The first and biggest reason these upgrades paid off is because they provided a positive return on the investment (ROI) I made. I’ve now saved enough on my electric bill that I’ve recouped the installation costs of my solar panels. And the system should last for another 15 to 20 years, so now all the savings is just putting extra money into my bank account. The geothermal system and water heater will also eventually save me enough that those units will pay for themselves as well.
Other fixes I’ve done, such as updating flooring, may potentially increase the value of my home — but it’s likely I’ll get a very low ROI on those fixes, and I won’t come close to making back my money. That’s especially true because I don’t plan to sell my house any time soon.
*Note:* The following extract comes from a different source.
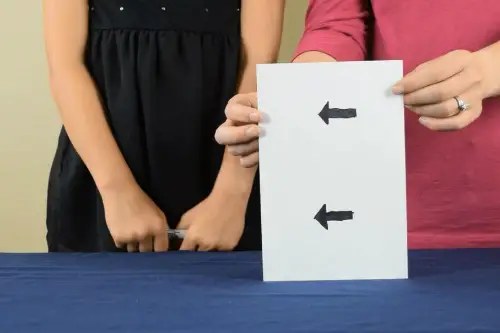 All you will need is a clear water bottle, or you can use a glass filled with water, sticky notes, and a marker. Draw two parallel arrows going in the same direction on the sticky note, or you can use a paper.
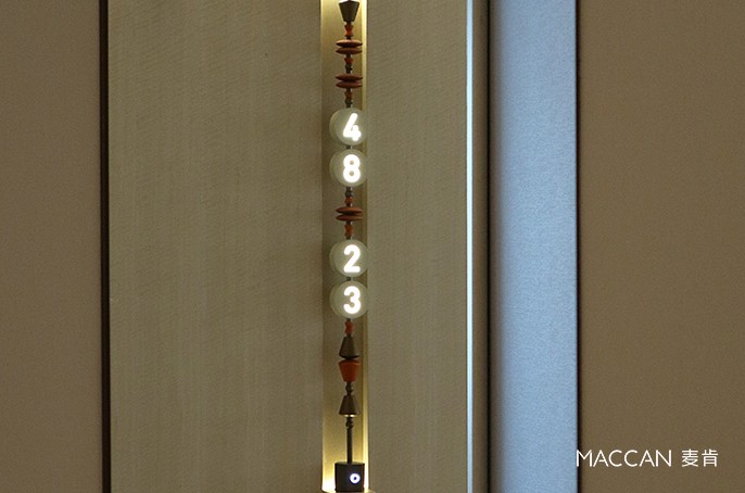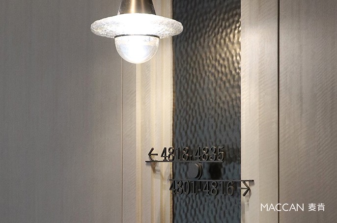公區(qū)標(biāo)識(shí)選取淺棕、深灰、古銅色為主色調(diào),三種色彩既呼應(yīng)廣府文化的沉穩(wěn)底蘊(yùn),又與酒店 “云端漫游” 的輕奢質(zhì)感相得益彰。房間門(mén)牌號(hào)標(biāo)識(shí)尤為亮眼,采用4種樣式,不同樓層的門(mén)牌既延續(xù)整體創(chuàng)意邏輯,又融入細(xì)微視覺(jué)變化, “類(lèi)似積木堆疊” 的創(chuàng)意鑲嵌進(jìn)轉(zhuǎn)角區(qū)域,讓門(mén)牌號(hào)不再是單純的數(shù)字符號(hào),更成為客房區(qū)域的藝術(shù)風(fēng)景,讓住客 “每一次抵達(dá)都有新鮮感”。

By the time I do, the cosmetic fixes I made will probably be dated and the new owners will want to do their own remodeling.
Only my energy efficiency improvements offered me immediate savings, which helped to make the price I paid worth it.
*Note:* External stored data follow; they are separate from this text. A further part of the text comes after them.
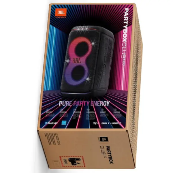 يحول JBL PartyBox Club 120 أي مساحة إلى حفلة وحيوية. يملأ صوت JBL Pro القوي الهواء بينما يتزامن عرض الأضواء الساحر لأضواء النجوم ومسارات الضوء الرائعة والتأثيرات القوية مع إيقاعك. قم بإقران أي جهاز بلوتوث على الفور وقم ببث قائمة تشغيل الحفلة المفضلة لديك، أو استخدم مدخلات الميكروفون والجيتار لمشاركة الصوت الخاص بك. وفي كلتا الحالتين، يمكنك توجيه تدفق الحفلة من خلال تأثيرات الحفلة التفاعلية الممتعة باستخدام تطبيق JBL PartyBox. مقبض مريح قابل للطي يجعل من السهل اصطحاب PartyBox Club 120 معك في أي مكان، كما أن التصميم المقاوم لرذاذ الماء يعني أنه لن يزعجه هطول القليل من المطر. فهو يوفر ما يصل إلى 12 ساعة من وقت التشغيل، وإذا كانت الحفلة لا تزال مستمرة بحلول ذلك الوقت، فما عليك سوى تبديل البطارية القابلة للاستبدال والحفاظ على تشغيل الموسيقى والأضواء بقوة. للحصول على وقت أكبر، قم بإقران جهازي استريو JBL PartyBox Club 120s للحصول على مساحة صوتية أوسع، أو استخدم تطبيق JBL PartyBox لتوصيل مكبرات صوت متعددة تدعم تقنية JBL Auracast لاسلكيًا. انطلق إلى الحفلة مع JBL PartyBox Club 120.
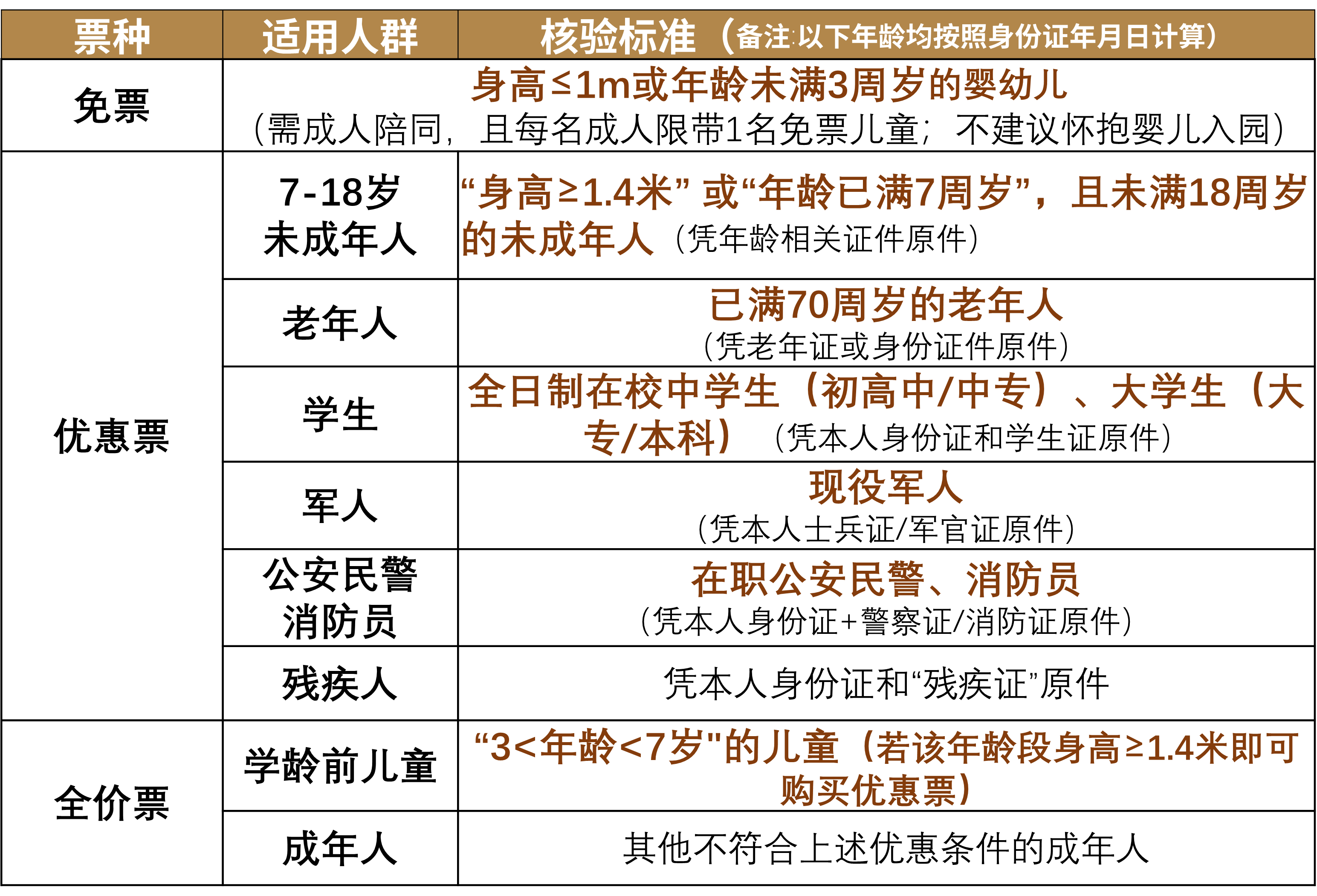 ①儿童:未满3周岁(须凭证件,按照身份证年月日算)或身高≤1m的幼儿需成人陪同,且每名成人限带1名免票儿童。不建议怀抱婴儿入园
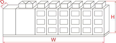 | Model | VFD-strøm (kW ) | Kapasitet ( kVA ) | Utgangsstrøm (A) | VFD-størrelse ( D*D*H mm ) | Vekt ( T ) |
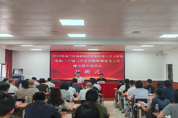 为深入学习贯彻党的二十届三中全会精神,切实把海口市美兰区广大党员干部群众的思想和行动统一到会议精神上来,10月14日上午,2024年美兰区两新组织党组织深入学习贯彻党的二十届三中全会精神暨党务工作能力提升培训班在我院顺利开班。海口市美兰区委社会工作部副部长谢容良出席开班式,来自海口市美兰区两新组织党务工作者共63人参训。开班式由海口市美兰区两新党建服务中心主任莫招君主持。

My energy-efficient upgrades also made my home more livable. It used to be very expensive to air condition my house, but that’s no longer the case, so I’m able to keep my thermostat a little lower than I did before. That makes my house more comfortable during the summer.
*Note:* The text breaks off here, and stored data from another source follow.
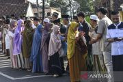 Warga berjabat tangan usai melaksanakan Shalat Idul Fitri di Desa Darmaraja, Kabupaten Ciamis, Jawa Barat, Sabtu (22/4/2023). Tradisi bersalaman massal Lebaran antardusun tersebut dilaksanakan pada perayaan Idul Fitri 1444 H dengan tujuan untuk saling memaafkan dan menjaga tali silaturahim serta memperkokoh kerukunan antarumat beragama. ANTARA FOTO/Adeng Bustomi/nym.
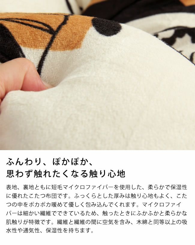 表地、裏地ともに短毛マイクロファイバーを使用した、柔らかで保湿性に優れたこたつ布団です。ふっくらとした厚みは触り心地もよく、こたつの中をポカポカ暖めて優しく包み込んでくれます。マイクロファイバーは細かい繊維でできているため、触ったときにふかふかと柔らかな肌触りが特徴です。繊維と繊維の間に空気を含み、木綿と同等以上の吸水性や通気性、保湿性を持ちます。
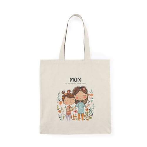 Generic - Tote Bag – شنطة قماش بسحاب - تصميم "أمي.. حبي الأول وصديقتي الأبدية" - رسم توضيحي فني للأم والطفلة - شنطة كتف قطنية هدية للأم في عيد ميلادها وعيد الأم – حقيبة واسعة
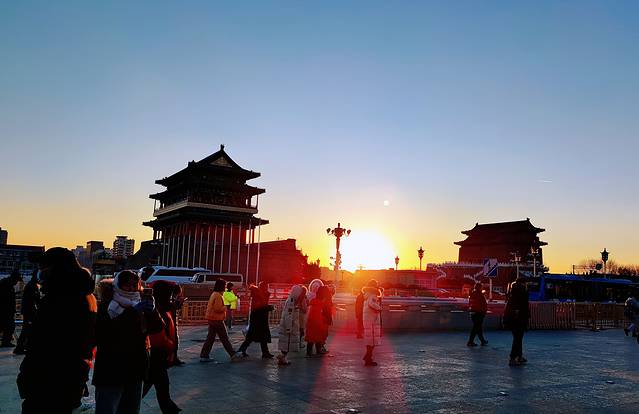 升旗后,日出东方,照耀大地和你我,沐浴于阳光下,暖和
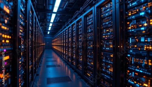 Futuristic Data Center with Glowing LED Server Racks – High-Tech Network Infrastructure.
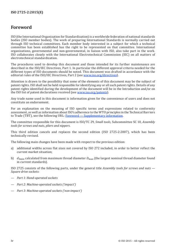 ISO 2725-2:2015 is a standard published by the International Organization for Standardization (ISO). Its full title is "Assembly tools for screws and nuts — Square drive sockets — Part 2: Machine-operated sockets ("impact")". This standard covers: ISO 2725-2:2015 specifies dimensions, designation, and marking of machine-operated "impact" square drive sockets with operating end having a hexagonal or double hexagonal form in accordance with ISO 1174‑2. NOTE 1 Machine-operated "impact" square drive sockets are listed under number 2 2 02 01 0 in ISO 1703. NOTE 2 The figures in this part of ISO 2725 are given only as examples. They are not intended to influence the manufacturer's design.

And as if all of this wasn’t enough, I also feel like I’m doing a little bit to help the planet. Many other home upgrades result in perfectly good items going into a landfill just to be replaced with new things that may look better but don’t improve functionality all that much.
Several of my upgrades, including my solar panels, also came with tax breaks up front due to tax credits I got for improving the energy efficiency of my home. This helped to defray the upfront cost, which meant it was easier to get a positive ROI sooner. And it helped me finance the improvements without having to look into options such as a cash-out refinance or a personal loan.
So if you’re deciding what upgrades to do to your own house, my experience suggests that improving the efficiency of your property could be a great bet. Consider prioritizing upgrades that reduce your home’s energy use, and you may end up very happy with the investment you make.